Republicans counter that Democrats stalled earlier efforts to reach a compromise, particularly over efforts to restrict Trump’s spending discretion. “You’re not gonna have a Republican Senate and the House limit a Republican president,” said Cole.

The political cost of such battles has already been significant. Former Speaker Kevin McCarthy lost his position over a CR. Speaker Mike Johnson vowed early in his tenure to avoid repeating that path, but growing pressure within his conference suggests another short-term funding bill is increasingly likely.

Representative Rosa DeLauro of Connecticut, the top Democrat on the House Appropriations Committee, offered a grim assessment.

"To hell with the Congress," she said. "It’s bad for the American people. It’s bad for the American people. They’re lying about what’s in these bills. That’s the tragedy."

Meanwhile, on a lighter note, Republicans defeated Democrats 13–2 in Wednesday night’s Congressional Baseball Game - their fifth straight win. More than 31,000 tickets were sold, raising $2.8 million for charity.

Meanwhile, House Republicans have successfully amended their party-line tax and spending package, eliminating policies that would have ruined the Big Beautiful Bill's ability to be passed without a simple majority, and would have been subject to Democrat filibuster.

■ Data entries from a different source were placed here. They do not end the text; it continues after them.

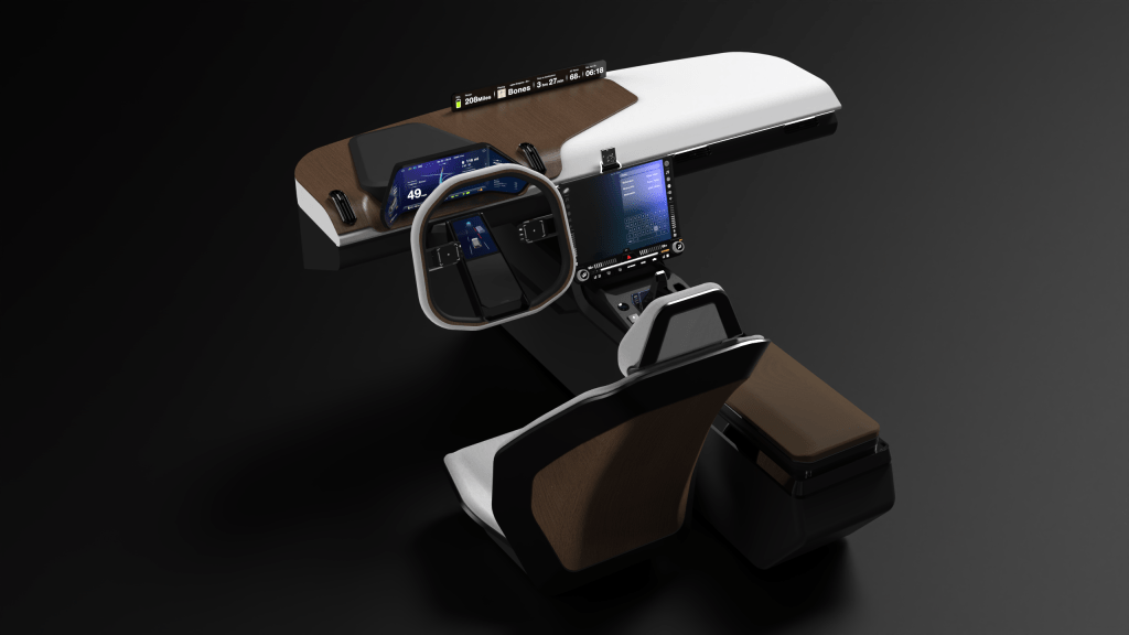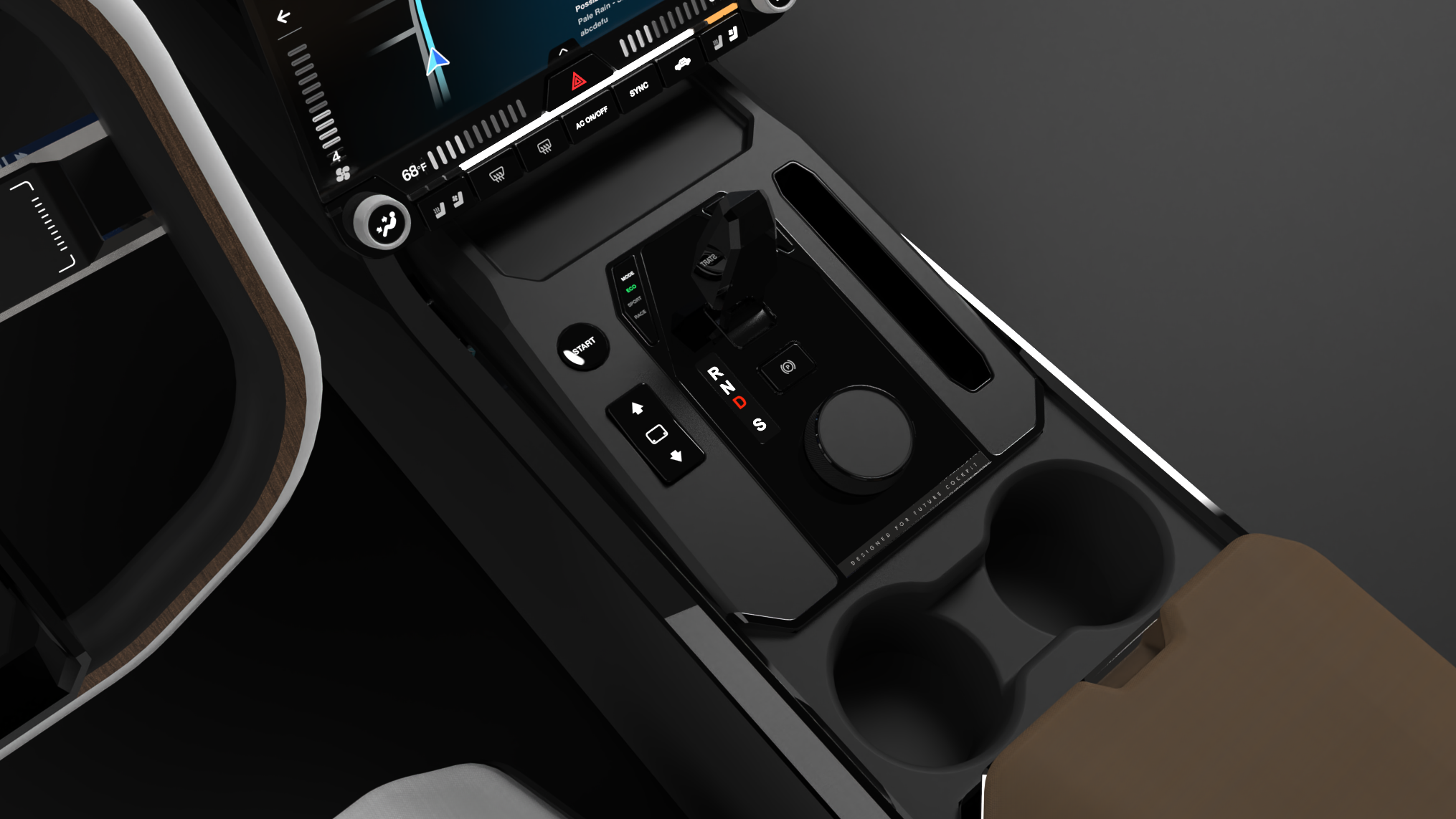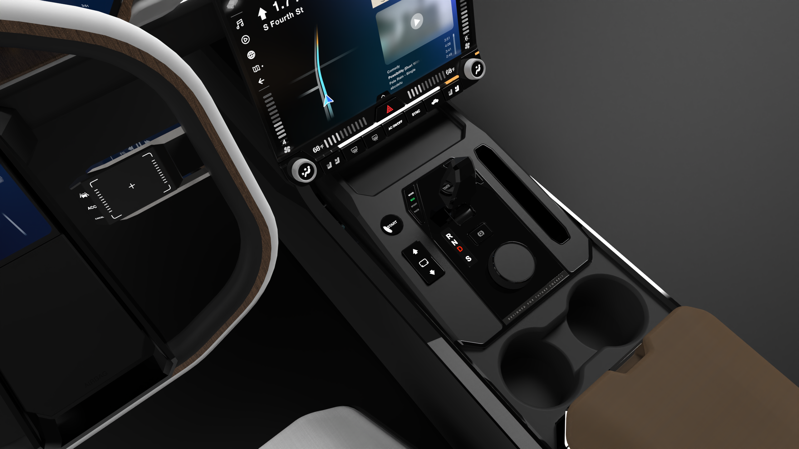 The vehicle control zone remains similar to conventional design: physical buttons, a gear shift stick, a dial-touchpad, and, of course, two cup holders.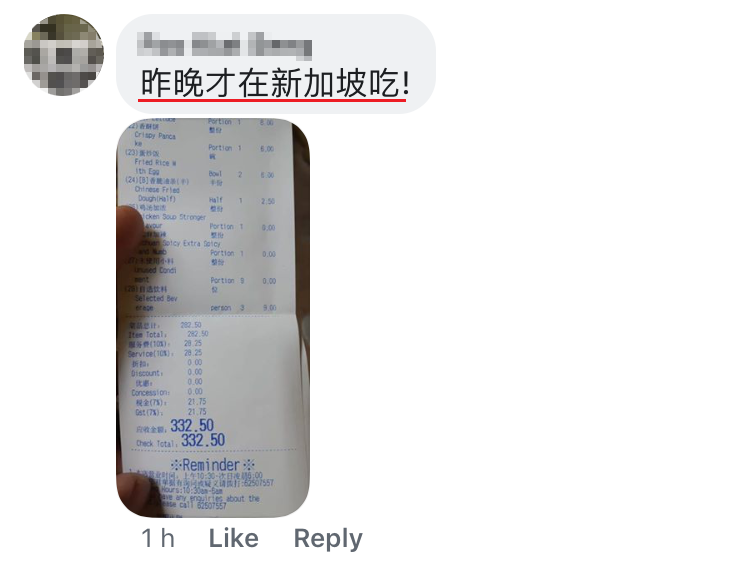 ▼此时有网友才贴出新加坡海底捞的单据。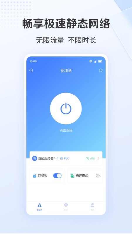 爱加速提供境内的网络加速服务,其静态IP服务器能够稳定连接,2300多个位于不同地区的境内服务器(静态IP地址)为用户提供网络安全接入服务。它可以保护手机网络,屏蔽恶意广告,让用户轻松掌控网络安全与速度。

Among the major items deleted, "$2 billion for Pentagon military intelligence programs and more than $500 million for developing missiles, as well as removing a crackdown on the “employee retention” tax credit that became a magnet for fraudsters during and after the pandemic," according to Politico

Republicans are now hoping to rewrite some of these policies tossed by the House and fold them into the Senate's version of the package before their target passage date of July 4th.